Eddie Gonzales Jr. – AncientPages.com – Documented for 200 years, the Iguanodontia group is expanding with the discovery of a brand-new species, the first known to bear spikes with properties never before observed in dinosaurs.
Scientists from the CNRS¹ and their international partners have uncovered in China the
fossilised skin of an exceptionally well-preserved juvenile iguanodon.
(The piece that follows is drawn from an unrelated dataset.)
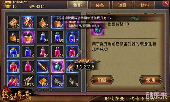 使用祝福油可以提升当前已装备武器的幸运值,有一定的成功几率。祝福成功后可以在一定程度上提升装备武器的战斗力。

The authors of the study examining the fossil of Haolong dongi at the Anhui Geological Museum in Hefei, China. Image credit: Thierry Hubin
Using X-ray scans and high-resolution histological sections, the researchers observed skin cells preserved for 125 million years, revealing the structure of hollow, cutaneous spikes covering a large part of the animal’s body.
The scientists named this new species Haolong dongi in honor of Dong Zhiming, a pioneer of Chinese palaeontology.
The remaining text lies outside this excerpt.